Why would you want to try to support all users simple queries on your ai data center if they could run it on their own computer?

It builds good will also. it also shows research prowess.

For China it's different. They need to show Americans who don't trust them at all because of propaganda that they have no tricks up their sleeve. It also doesn't hurt when Chinese companies drop models for free people can run at home that are about as good as sonnet. Serious mic drop.

Very good point on using local ai to avoid data centers costs.

Running AI models on local hardware was exploratory at first, and if it's so easy today it's thanks to open source. It's a little bit coincidental that we have this today, and that mainstream hardware have this capability. The fact that a phone can run very small models is exploratory or some kind of marketing opportunity at best.

Why would hardware company ships cards with more AI capabilites (like more VRAM) in the foreseable future ? On what ground does the marketing for on device AI will keep generating interest ? For something as important, it's very uncertain. But above all, it should not depends on these brittle justifications.

Showing good will in distribution and research prowess today is positive communication, but it can be exactly the oppositite if/when an attack using those small models will reach a high value target.

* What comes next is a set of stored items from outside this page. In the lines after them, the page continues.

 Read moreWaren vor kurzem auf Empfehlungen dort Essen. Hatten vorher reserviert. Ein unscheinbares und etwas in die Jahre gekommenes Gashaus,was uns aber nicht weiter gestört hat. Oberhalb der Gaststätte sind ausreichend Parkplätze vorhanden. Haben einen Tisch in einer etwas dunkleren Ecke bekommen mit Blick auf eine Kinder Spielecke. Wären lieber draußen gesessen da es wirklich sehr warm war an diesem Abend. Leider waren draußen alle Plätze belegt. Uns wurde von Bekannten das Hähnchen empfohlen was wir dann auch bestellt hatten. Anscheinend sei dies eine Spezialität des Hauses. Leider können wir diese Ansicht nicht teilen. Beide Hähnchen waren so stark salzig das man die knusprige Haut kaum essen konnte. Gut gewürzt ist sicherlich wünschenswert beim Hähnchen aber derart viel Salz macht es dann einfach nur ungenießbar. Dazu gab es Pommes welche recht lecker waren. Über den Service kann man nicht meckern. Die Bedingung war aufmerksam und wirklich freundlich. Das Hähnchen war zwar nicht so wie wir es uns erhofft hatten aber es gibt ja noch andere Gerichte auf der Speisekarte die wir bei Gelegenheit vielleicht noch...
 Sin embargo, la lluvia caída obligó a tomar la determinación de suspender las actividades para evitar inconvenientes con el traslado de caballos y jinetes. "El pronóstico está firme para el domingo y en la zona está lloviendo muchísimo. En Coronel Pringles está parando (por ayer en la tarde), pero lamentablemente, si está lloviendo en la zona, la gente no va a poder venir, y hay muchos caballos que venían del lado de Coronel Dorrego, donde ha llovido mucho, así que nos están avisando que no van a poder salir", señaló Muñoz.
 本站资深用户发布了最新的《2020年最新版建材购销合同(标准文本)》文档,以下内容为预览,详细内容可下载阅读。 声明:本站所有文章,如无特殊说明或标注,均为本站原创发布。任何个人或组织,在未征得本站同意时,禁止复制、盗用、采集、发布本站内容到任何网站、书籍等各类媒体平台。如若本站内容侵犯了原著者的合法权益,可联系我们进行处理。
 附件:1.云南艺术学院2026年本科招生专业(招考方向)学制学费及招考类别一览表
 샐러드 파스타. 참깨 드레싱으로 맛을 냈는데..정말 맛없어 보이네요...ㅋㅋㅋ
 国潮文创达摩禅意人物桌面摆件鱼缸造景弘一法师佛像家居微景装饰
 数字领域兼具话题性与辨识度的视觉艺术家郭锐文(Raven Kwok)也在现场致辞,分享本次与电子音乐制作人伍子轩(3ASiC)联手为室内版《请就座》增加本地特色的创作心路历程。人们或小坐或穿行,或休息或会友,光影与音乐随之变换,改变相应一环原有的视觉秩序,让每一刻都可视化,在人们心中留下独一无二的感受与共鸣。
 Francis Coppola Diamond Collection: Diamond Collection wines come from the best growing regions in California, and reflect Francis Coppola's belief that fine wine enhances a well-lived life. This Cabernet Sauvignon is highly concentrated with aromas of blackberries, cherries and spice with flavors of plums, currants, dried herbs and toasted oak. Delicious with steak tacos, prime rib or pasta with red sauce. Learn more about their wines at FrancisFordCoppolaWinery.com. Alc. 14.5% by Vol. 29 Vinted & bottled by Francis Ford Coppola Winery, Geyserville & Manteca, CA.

For China the cultural difference is so huge, it's difficult to say. I would think they first and foremost need to show to evryone inside and outside of China that they match american models. Second, i would say that when americans prefer few very powerfull companies on the get go because they can leverage a lot of capital rapidly to industrialize, China will prefer leveraging a lot of smaller companies exploring a lot of things simultanously (so doing a lot of research), THEN creating legislation to let only the best (or a few) to survive effectively. In the end it's the same result (monopoly or oligopoly), but China may have a stronger core (research) and America may have stronger productive capital, that may be proved obsolete... In the long run, in either side it's a gamble, again.

They have already shown that their models match or excel over American ones in different cases. For cheaper too.

I disagree on the second point. I think most Americans don't prefer fewer competition, that's a bit antithetical to the free market.

I doubt the Chinese government cares as much about controlling a few companies as you think they do.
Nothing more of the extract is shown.